Le fondateur du label revendique que sur « chaque projet, nous adaptons le son et les enregistrements ». L’effervescence du vinyle de ces dernières années poussent les clients à avoir un nouvel intérêt pour les disquaires. Le retour du « bar à vinyle » reprend ses droits et revient à la mode, comme à Mexico, Lisbonne ou encore Pékin.
Un digger tout azimut
Lorsque Julien part en voyage pour trouver de nouvelles références musicales, il écoute tout sur place. « Je me balade avec mon pick-up et ma platine portable pour écouter des références locales. C’est une manière de rencontrer les gens localement, de partager et d’acheter de la musique ».

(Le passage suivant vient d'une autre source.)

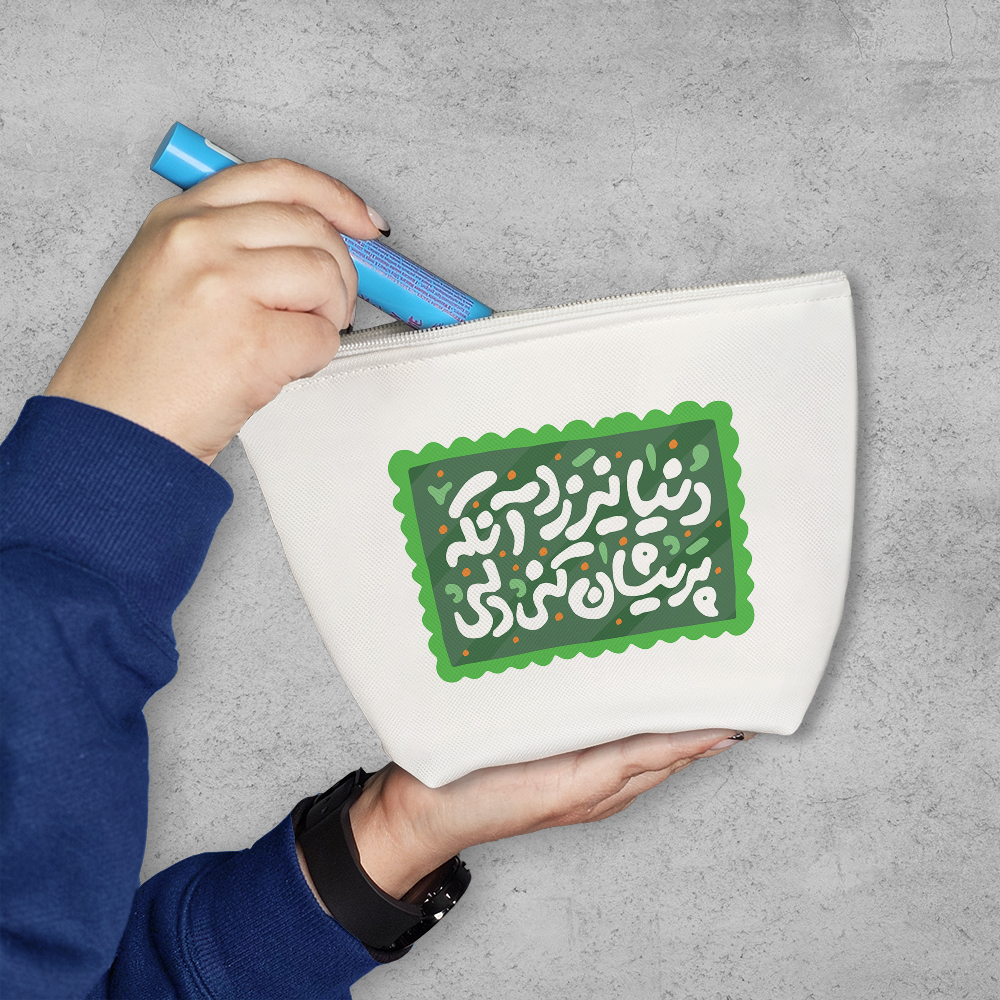 زیبایی در کنار کارایی، میتواند بهترین همراه برای وسایل روزمره باشد. در طراحی کیف لوازم آرایش خندالو طرح دنیا نیرزد آنکه پریشان کنی دلی این اصل در نظر گرفته شده تا محصولی شیک، کاربردی و بادوام در اختیار شما باشد. این کیفها از پارچهی هازان مقاوم ساخته شدهاند که علاوه بر ظاهر زیبا، استحکام بالایی نیز دارد. ابعاد کیف لوازم آرایش خندالو طرح دنیا نیرزد آنکه پریشان کنی دلی ۲۲×۱۶ سانتیمتر است و طراحی کف پاکتی ۸ سانتیمتری آن، باعث میشود فضای بیشتری برای وسایل خود داشته باشید و فرم کیف بهتر حفظ شود. برای افزایش دوام و استحکام، داخل آن آسترکشی شده است. چاپ روی کیف بهصورت دیجیتال و باکیفیت بالا انجام شده که باعث دوام و ماندگاری طرحها میشود. این محصول کاملاً قابل شستشو است و میتوانید بدون نگرانی از تغییر رنگ یا آسیبدیدگی، آن را هم با دست و هم با ماشین لباسشویی بشویید. یکی دیگر از ویژگیهای کیف لوازم آرایش خندالو طرح دنیا نیرزد آنکه پریشان کنی دلی، بستهبندی شیک و زیبا آن است که آن را به گزینهای ایدهآل برای هدیه دادن تبدیل میکند. این کیف نهتنها برای نگهداری لوازم آرایشی و بهداشتی، بلکه برای سایر وسایل ضروری نیز مناسب است. محصولی که در کنار کاربردی بودن، به سبک زندگی شما زیبایی و نظم میبخشد. کیف لوازم آرایش خندالو، همراهی زیبا و ماندگار برای شما!

Pour la réédition, Hot Casa se fixe deux objectifs précis : une pochette faite à l’identique du disque original et un son le plus proche possible de l’époque et des conditions dans lesquels il a été enregistré initialement. Pour le groupe Vaudou Game, Hot Casa veut avoir un son qui ressemble le plus possible à la funk Togolaise des années 70.

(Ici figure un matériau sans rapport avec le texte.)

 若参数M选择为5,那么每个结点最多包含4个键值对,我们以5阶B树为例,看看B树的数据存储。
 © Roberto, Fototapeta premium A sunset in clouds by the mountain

Concernant la clientèle de cette réédition de disques, « 70 à 80% des ventes de disques des artistes que nous produisons se font par des acheteurs étrangers. Ce qui est drôle, c’est que même DjeuhDjoah & lieutenant Nicholson qui font de la chanson française, 60 % de leurs streams viennent d’auditeurs anglais, japonais ou américains » remarque le fondateur du label. Du côté de la vente des rééditions de disques, Julien décrit une petite niche implantée en France, mais la plupart des acheteurs sont également étrangers.

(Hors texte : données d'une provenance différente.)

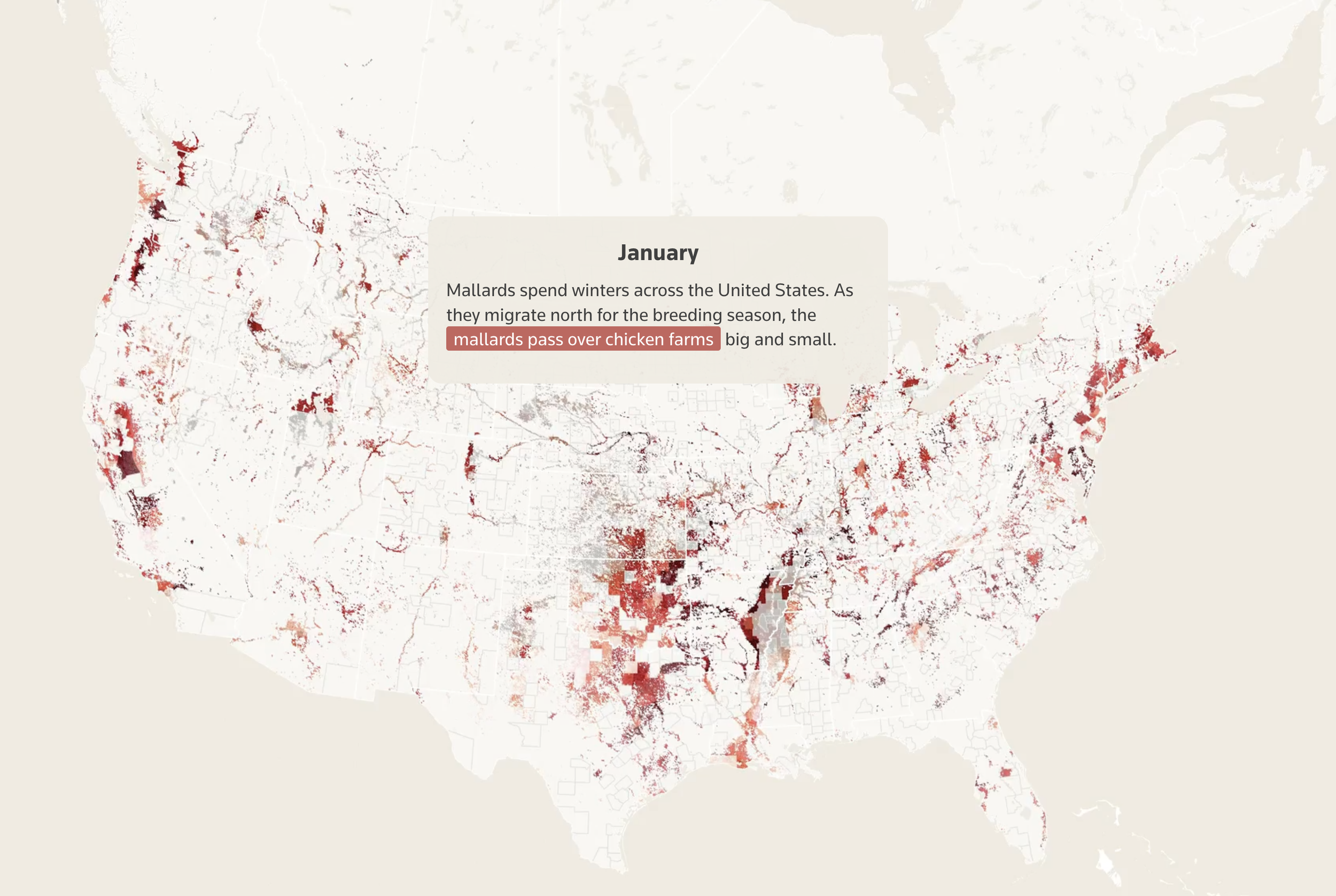 Graphics and maps I researched and produced the farm scene showing how birds can spread avian flu on a farm, bar chart of top infected birds, maps showing geographic range of top infected birds. My colleague Travis made the opening map of the U.S. and Canada that shows mallard ducks passing over chicken farms.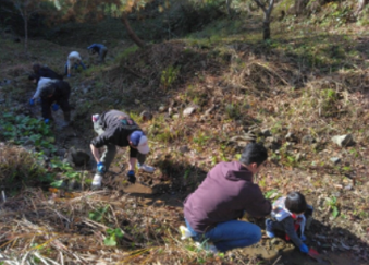 また集積場では腐葉土の中でカブトムシ・クワガタの卵や幼虫が生育されており、里山で腐葉土の材料となる落ち葉を集め運びました。作成したシイタケの榾木も、シイタケの収穫が終わるとクワガタの幼虫の餌として活用されるとのことです。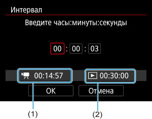 Указывает время, необходимое для съемки заданного числа кадров с заданным интервалом. Если оно превышает 24 часа, отображается значение «*** сут.».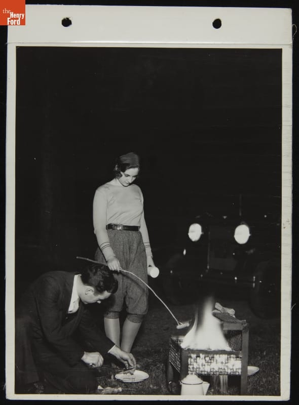 Cars and cookouts were a natural fit in the 1920s and 1930s. As roads improved, Americans were eager to go exploring, whether on short day trips or longer journeys. A roadside picnic saved money for budget-conscious travelers, or it provided a destination in itself for a family on a Sunday drive. Ford used these themes to market its charcoal briquettes.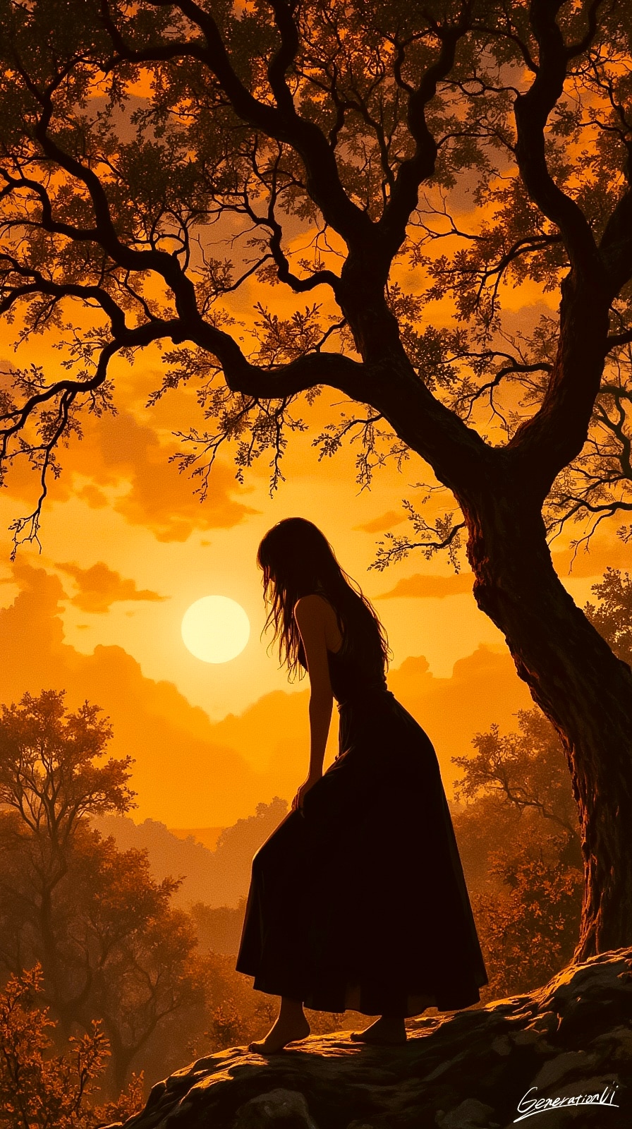 風は止まり、木々は影だけを残し、沈みゆく陽が彼女の輪郭を柔らかく包む。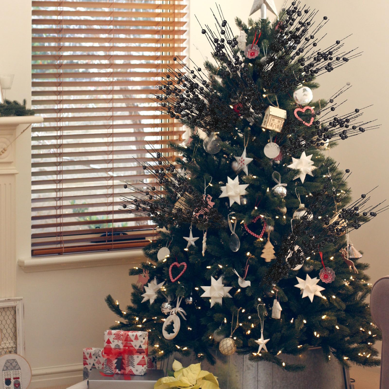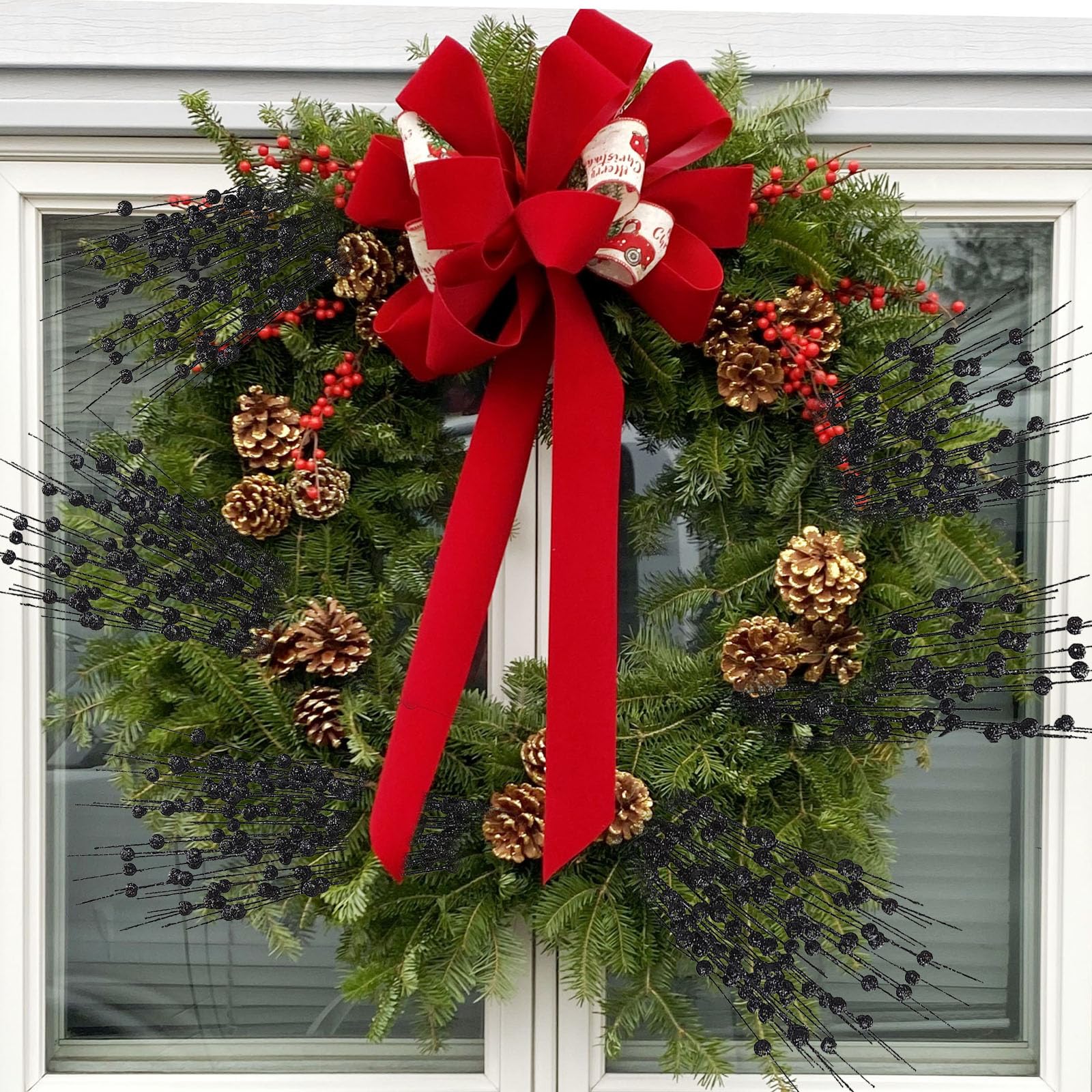 10 Pack Christmas Artificial Glitter Berry Stem, 17 Inches Black Glitter Christmas Decorations, for DIY Christmas Tree Xmas Wreath Vase Filler Home Party Decor

Le petit label indépendant face aux grandes Majors
Depuis le retour de la musique physique, matérialisée par le vinyle qui prend une expansion phénoménale depuis quelques années, rend mécaniquement la production du 45 tour plus compliquée pour les petits labels indépendants comme Hot Casa Records.
Nous sommes dépendants des Majors qui ont réinvesti dans le vinyle,
et qui bloquent les presses à vinyle. Avec leur force financière,
une major peut produire un disque à plus d’un million d’exemplaires,
alors que nous sommes entre 1 500 et 2000 copies.
Julien.
Le rapport de forces inégal les pousse à avoir des délais monstrueux pour pouvoir presser leurs disques. Il faut jusqu’à 8 mois pour que le vinyle soit enfin produit.
Pour lutter contre ces attentes, le label s’organise en multipliant ses contacts avec des petites structures à travers la France. « Vu la catastrophe que ça a été, nous avons aussi un presseur appelé Optimal en Allemagne » reconnait Julien.
A cause de l’inflation et la hausse des matériaux, le prix de pressage a augmenté de 40% en un an et demi ! « Le carton, le galvano qui est fait à base de nickel, le vinyle est fabriqué à 60% de pétrole, que des matériaux et produits qui ont fortement augmenté récemment. Nous devons recalculer nos royalties, ça peut être un calcul assez compliqué ».
Malgré des délais et des estimations de sorties fastidieux, Julien est heureux de s’occuper d’artistes qu’il affectionne, même si la production est chronophage et peu rentable : « L’édition est aujourd’hui devenue le moyen pour dégoter plus facilement de l’argent » insiste optimiste ce passionné de musiques.
La mise en avant des diffusions publiques comme les synchros, les placements radio ou dans des films de cinéma,
ce sont ces 30 secondes qui te permettent de dégager un revenu conséquent.
Julien.
Après de prochaines rééditions de disques comme la compil Abidjan Funk par exemple, et sa participation au Paris Loves Vinyl #10 (29 janvier), Julien repartira à Lomé au Togo en avril 2023 pour enregistrer le nouvel album de Vaudou Game, lorsque le groupe sera entre deux tournées.
Un programme bien chargé pour Hot Casa Records qui proposera des nouveautés musicales afin de rentrer dans une nouvelle décade de la meilleure des manières.